New insight into the molecular etiopathogenesis of konzo: Cyanate could be a plausible neurotoxin contributing to konzo, contrary to thiocyanate

Abstract

Introduction: Chronic cassava-derived cyanide poisoning is associated with the appearance of konzo, a tropical spastic paraparesis due to selective upper motor neuron damage. Whether the disease is caused by a direct action of cyanide or its metabolites is still an open question. This preliminary study assessed the neurotoxic effects of thiocyanate (SCN) and cyanate (OCN), two cyanide metabolites hypothesized to be plausible toxic agents in konzo. Methods: Cultured mouse neuroblastoma (Neuro-2A) and human neuroblastoma (SH-SY5Y) cell lines were incubated (24, 48, and 72 hours) in sodium OCN or sodium SCN in a disease-relevant concentration range.

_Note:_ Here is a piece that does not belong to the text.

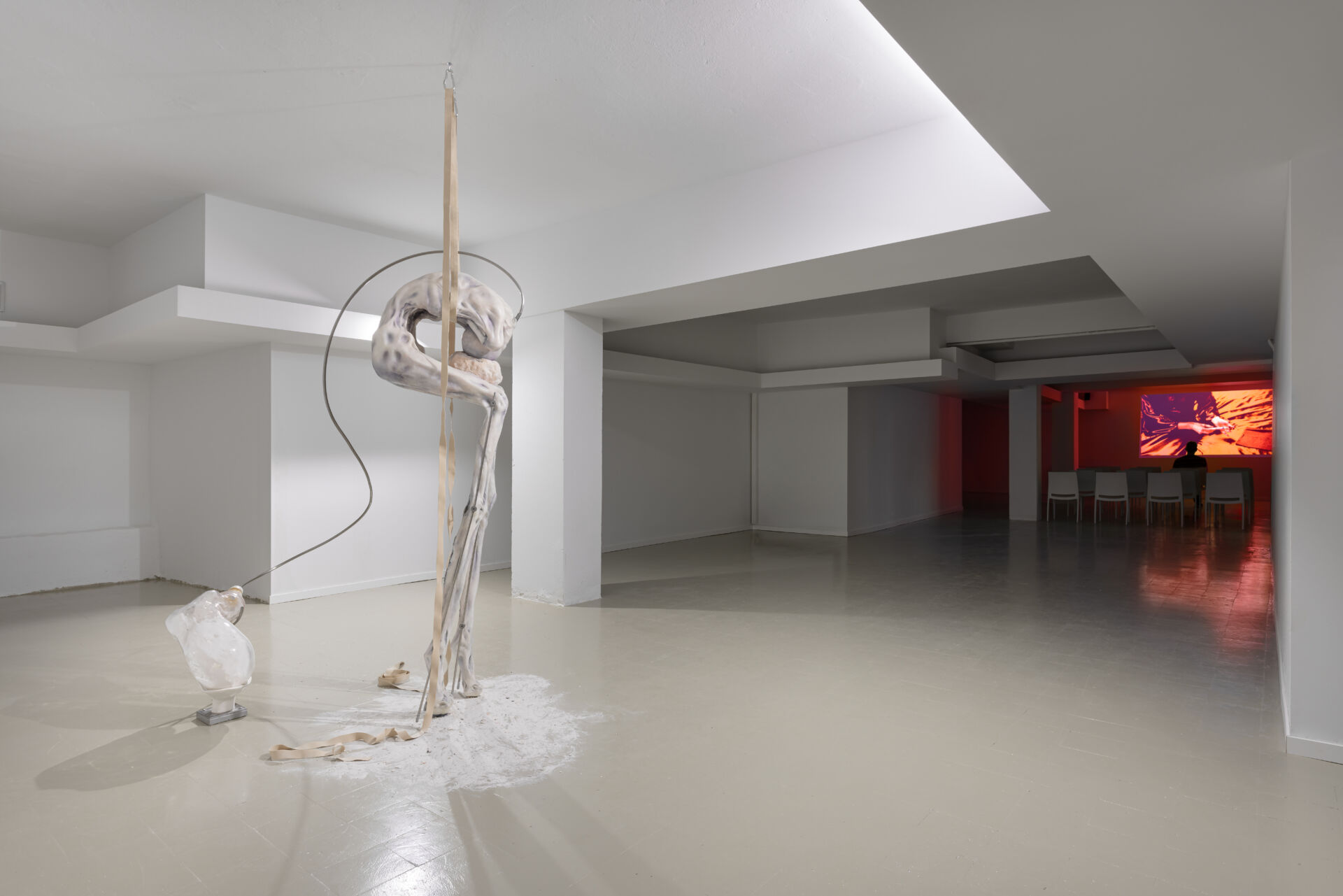 Troviamo strani esseri (viventi?) – “prostetici“, come li definisce Quaranta – anche nella produzione di Ivana Baši?: è il caso dell’alieno di marmo fragilissimo di Belay My Light, the Ground Is Gone, una scultura che “vive nell’ambiente, non solo perché il suo equilibrio fragilissimo cela in realtà un perenne stato di tensione, ma perché il processo che rappresenta produce scorie (la polvere di marmo) che abitano dinamicamente lo spazio“.

Cell viability, caspase (3, 8, and 9) activities, and reactive oxygen species (ROS) generation were evaluated using appropriate assay kits. Additionally, electrophysiological responses induced by OCN and SCN in primary spinal cord neurons (from Sprague Dawley rats) were assessed by whole-cell patch-clamp techniques. Results: Both OCN and SCN were toxic in a dose-dependent way, even if SCN toxicity appeared at very high concentrations (30 mM, corresponding to more than 100-fold higher than normal plasmatic levels), contrary to OCN (0.3-3 mM). OCN was markedly more toxic in a poor culture medium (MEM; IC50 = 3.2 mM) compared to a glucose- and amino acid-rich medium (DMEM; IC50=7.6 mM). OCN treatment increased the ROS generation by 8.9 folds, as well as the Caspase-3, Caspase-8, and Caspase-9 activities by 3.2, 2.5, and 2.6 folds, respectively. Finally, OCN (and SCN to a lesser extent) induced depolarizing currents in primary spinal cord neurons, through an activation of ionotropic glutamate receptors. Conclusion: Our results suggest OCN as the most plausible neurotoxic agent involved in konzo, while SCN toxicity could be questioned at such high concentrations. Also, they support apoptosis, oxidative stress, and excitotoxicity as probable mechanisms of OCN neurotoxicity.